The windy, white-sand beach at neighbouring Camps Bay, beneath the Twelve Apostles, has strong surf and lifeguards during summer. The affluent suburb’s beachfront cafes and bars are the hangouts of choice for the city’s beautiful people, who sip their cocktails as a golden sunset spreads across the horizon.
Continuing south, the Cape Peninsula’s beaches get quieter as you head towards the Cape of Good Hope. Horse or pony riding on the broad, sandy 8km-long Noordhoek Beach and into the nearby wetlands and mountains makes for a windblown, cobweb-banishing day out.
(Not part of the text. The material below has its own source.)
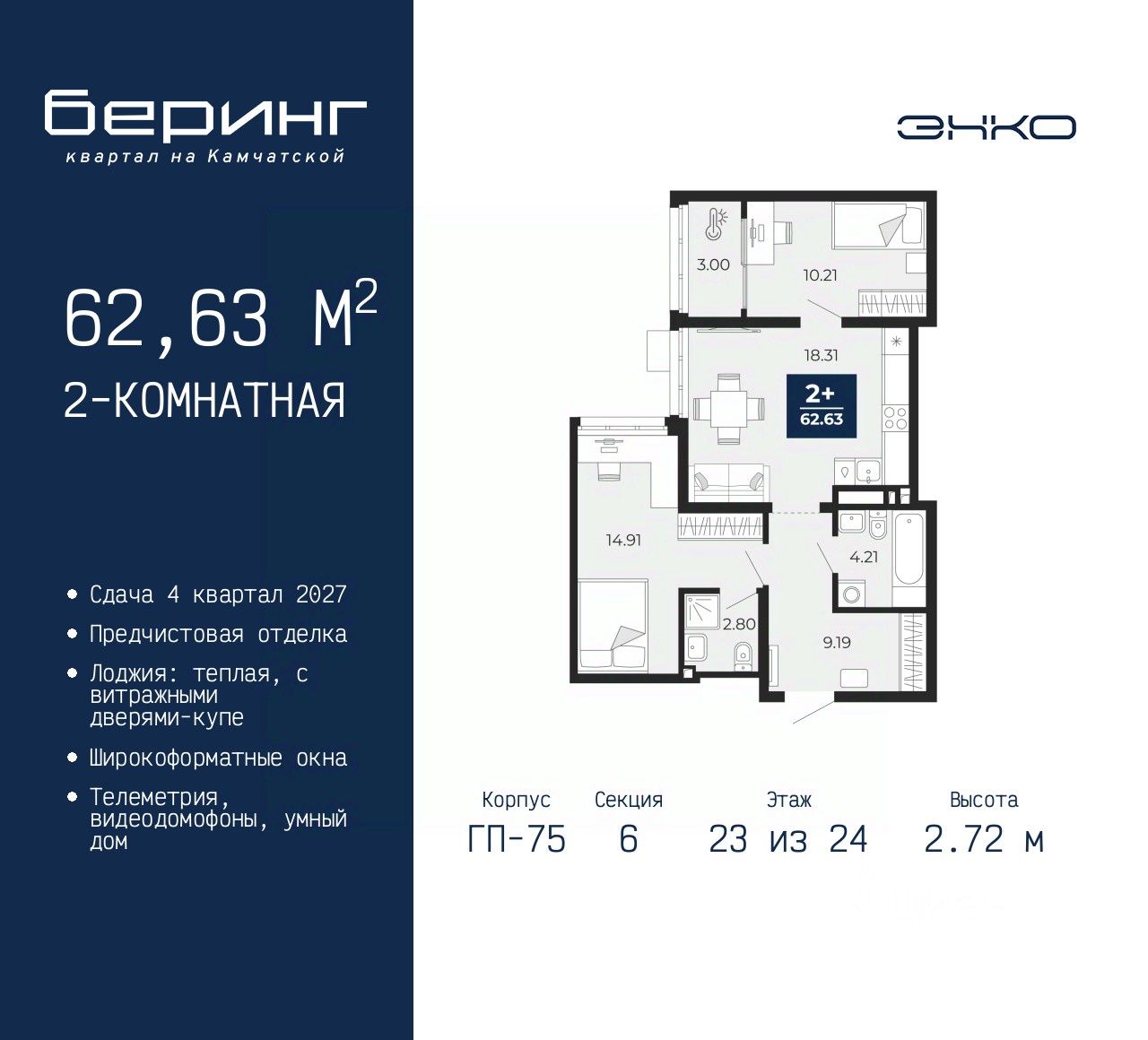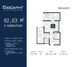 Продается 2-комн. квартира с предчистовой отделкой в ЖК "Беринг" на 23 этаже. Общая площадь: 62.63 кв.м., жилая: 25.12 кв.м., площадь просторной кухни-столовой: 18.31 кв.м. Комнаты изолированные, все окна выходят на одну сторону. В квартире одна лоджия, два совмещенных санузла. Высота потолков 2.72 м.

Across the peninsula from the suburb of Noordhoek, False Bay arcs away to the east, bookended by distant Cape Hangklip. The bay’s water is about 6C warmer than on the peninsula’s western side due to currents from the Indian Ocean, and the area’s beaches and rock pools attract both swimmers and surfers. The beachfront suburb of Muizenberg, with its colourful row of Victorian bathing chalets, gently shelving beach and safe conditions is a great place to learn how to surf. “The waves are really soft and gentle and the currents and tides aren’t too hectic,” said Gary Kleynhans, a former South African surf champion and the owner of Gary’s Surf School, the oldest in the country. “Intermediate to advanced surfers go to Long Beach, Kommetjie and Noordhoek on the Atlantic side of the peninsula. Kalk Bay is also advanced, but it’s beautiful and round like a baby pipeline.”
Sea kayaking and kite surfing
The Cape Peninsula also offers some surprising sights for sea kayakers. The Boardroom Adventure Centre, conveniently located at the gateway to the peninsula in Hout Bay, offers paddles to the large Cape fur seal colony on Duiker Island and along the rugged coastline to local landmark Chapman’s Peak. Overlooking the warm waters of False Bay, Paddlers runs trips to the Cape of Good Hope, perhaps spotting whales and dolphins en route, and takes visitors to the colony of 2,800 waddling African penguins at Boulders Beach For kite surfing, meanwhile, cross town to the suburb of Bloubergstrand (“blue mountain beach” in Afrikaans), where seasoned instructor Phil Baker offers lessons and equipment hire with Table Mountain and Robben Island views through his company Windswept.
Sandboarding is the closest many locals get to snowboarding There is more chance of generating static than feeling the wind in your hair, but if you wax your board thoroughly, whizzing down dunes is an exhilarating novelty. Mechanized lifts are a long way off, but you can try sandboarding at the town of Fish Hoek on the Cape Peninsula through Gary’s Surf School, or on the towering white-sand slopes in the Atlantis Dunefields, 40 minutes drive up the west coast from central Cape Town. Downhill Adventures, which runs sandboarding day trips to Atlantis, offers packages including skydiving, quad biking and surfing.